Inductief versus deductief
Tijdens het uitvoeren van een onderzoek zijn er grofweg twee redeneermethoden die worden gehanteerd. Deze staan bekend als inductieve en deductieve redeneerbenaderingen. De twee benaderingen staan lijnrecht tegenover elkaar en de selectie van de redeneerbenadering hangt af van zowel het ontwerp van het onderzoek als de eisen van de onderzoeker. Dit artikel zal kort de twee redeneerbenaderingen bekijken en proberen een onderscheid te maken tussen beide.
Deductieve redenering
Dit is een aanpak die van algemene premissen tot een meer specifieke conclusie werkt. Dit wordt ook wel een top-down benadering of de watervalbenadering van redeneren genoemd. De gebouwen die worden ingenomen zijn waar en de conclusie volgt logisch uit deze premissen. Deductief betekent het proberen conclusies te trekken (afleiden) uit een theorie die er al is.
Inductief redeneren
Het is een bottom-up benadering die tegengesteld is aan deductief redeneren. Hier wordt het begin gemaakt met specifieke observaties en onderzoek gaat in de richting van bredere generalisaties of theorieën. Er is een zekere mate van onzekerheid naarmate we verder komen, aangezien conclusies gebaseerd zijn op premissen. Inductief redeneren begint met specifieke waarnemingen waarbij de onderzoeker patronen en regelmatigheden probeert op te sporen, hypothesen maakt, deze onderzoekt en uiteindelijk met generalisaties komt. Deze conclusies worden theorieën genoemd.
In het kort: Inductief versus deductief • Uit de bovenstaande beschrijving van de twee redeneermethoden is het verleidelijk om tot conclusies te komen dat de ene of de andere methode beter is.
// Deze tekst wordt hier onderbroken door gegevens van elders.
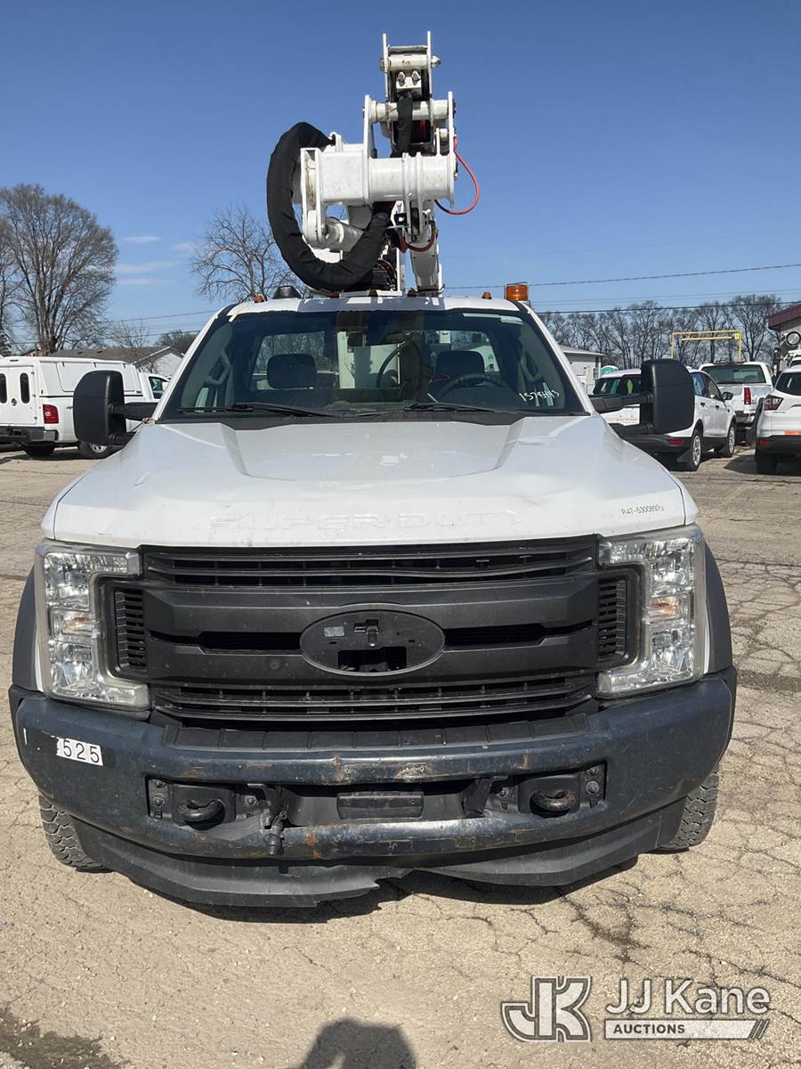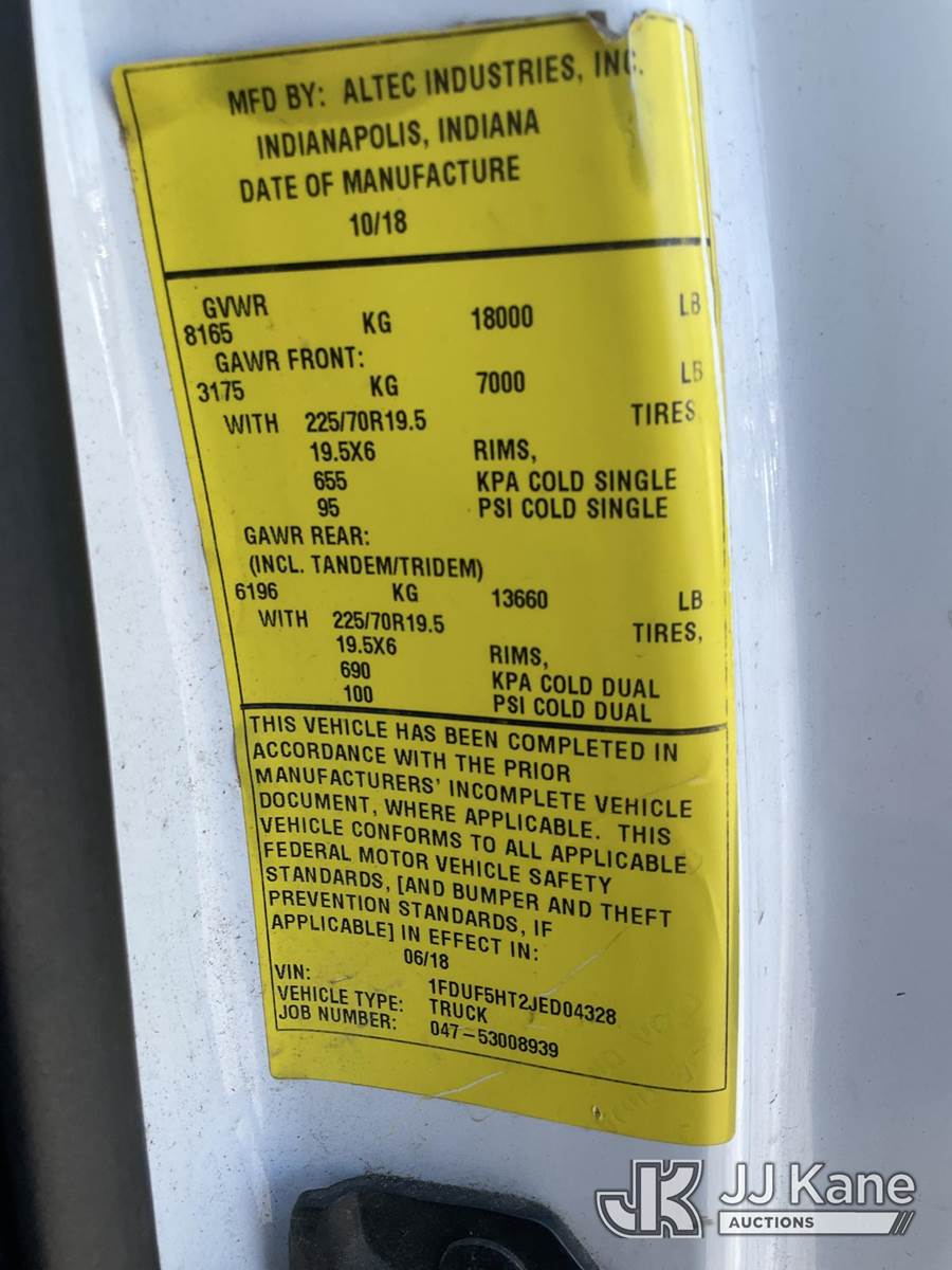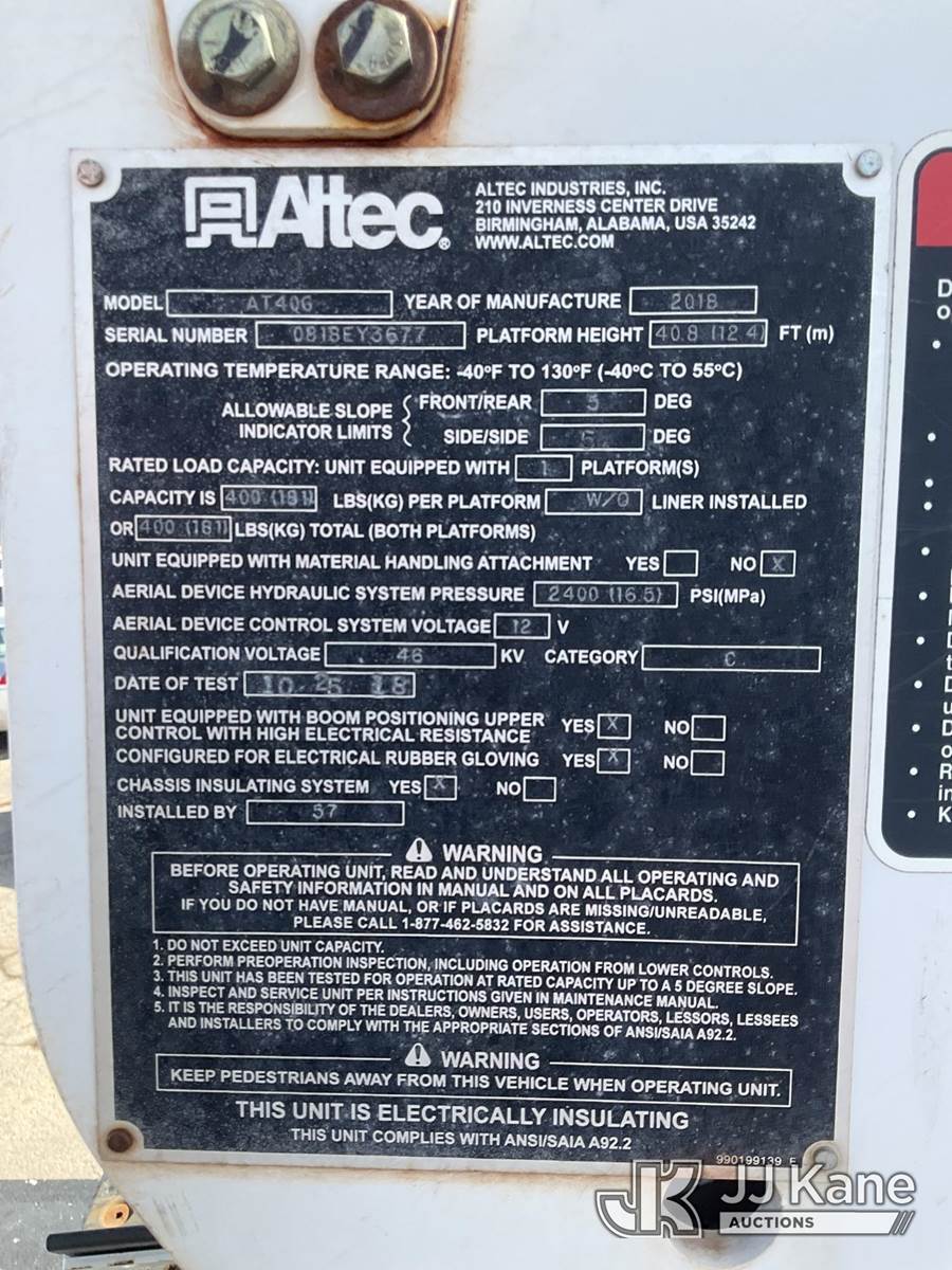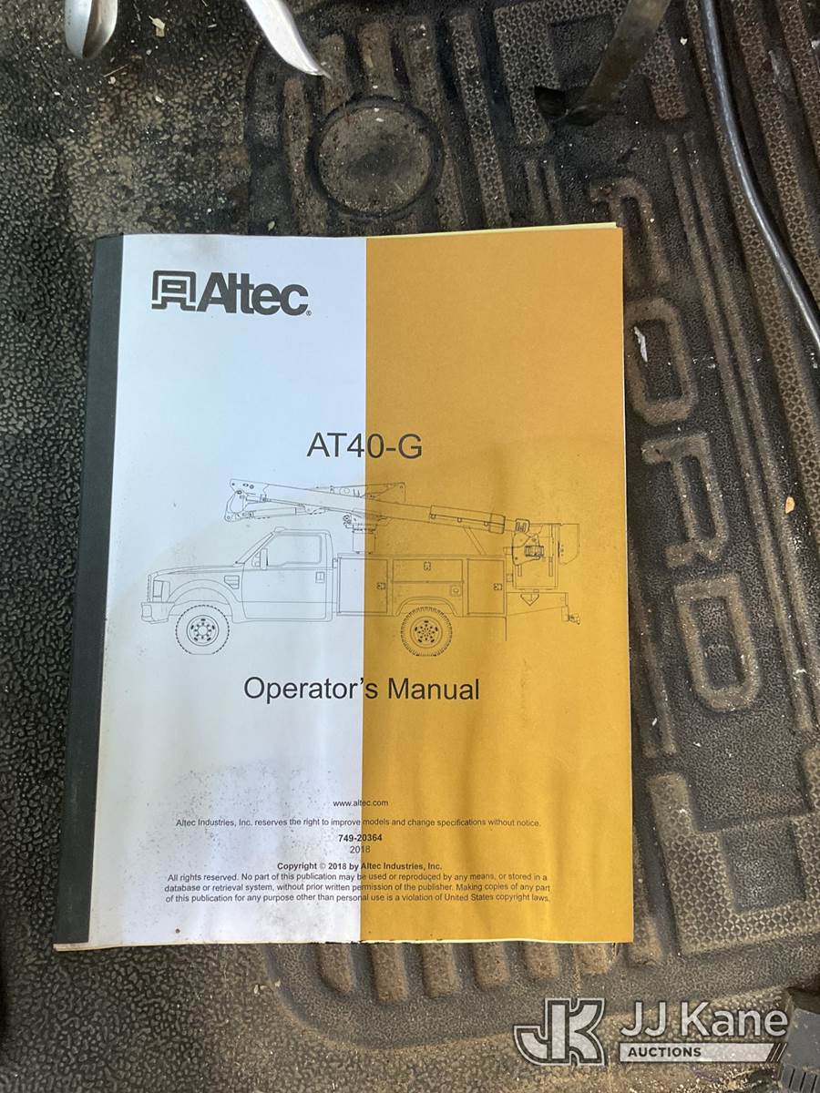 Altec AT40G, 45 ft, Articulating & Telescopic Bucket Truck s/n 0818EY3677, with single-man bucket, mounted behind cab on 2018 Ford F-550 Service Truck, 6.7L Diesel 4wd, Auto, A/C, (145,228 miles) (Runs, Moves & Upper Operates)(Transmission Performance Deficiencies, Dash Indicator Light On) (Reads 10,477 hours) This is a Titled Item NOTE: This unit is being sold AS IS/WHERE IS via Timed Auction and is located in South Beloit, IL. Inspection & preview days for this unit are the 2 business days prior to the first day of items closing for this auction, item is located at 14354 Dearborn Ave South Beloit, IL and hours of operations are 8a-4p. For pre-sale questions, please contact Derek Eklund at (608) 904-0618 or (derek.eklund@jjkane.com). (Manuals provided in cab) (Buyer is responsible for removal. Assistance by consignor or JJ Kane Auctions is not assured.)

Beide benaderingen zijn echter nuttig omdat ze bedoeld zijn om in verschillende omstandigheden te worden toegepast. • Terwijl deductief redeneren smal van aard is omdat het gaat om het testen van hypothese die al aanwezig is, is inductief redeneren open en verkennend van aard. • Hoewel deductieve benadering beter geschikt is voor situaties waarin wetenschappelijke hypotheses worden geverifieerd, is voor studies op het gebied van sociale wetenschappen (geesteswetenschappen) de inductieve redeneermethode beter geschikt. In de praktijk worden beide benaderingen echter in een bepaald onderzoek gebruikt en gebruikt wanneer en waar onderzoeker ze nodig heeft.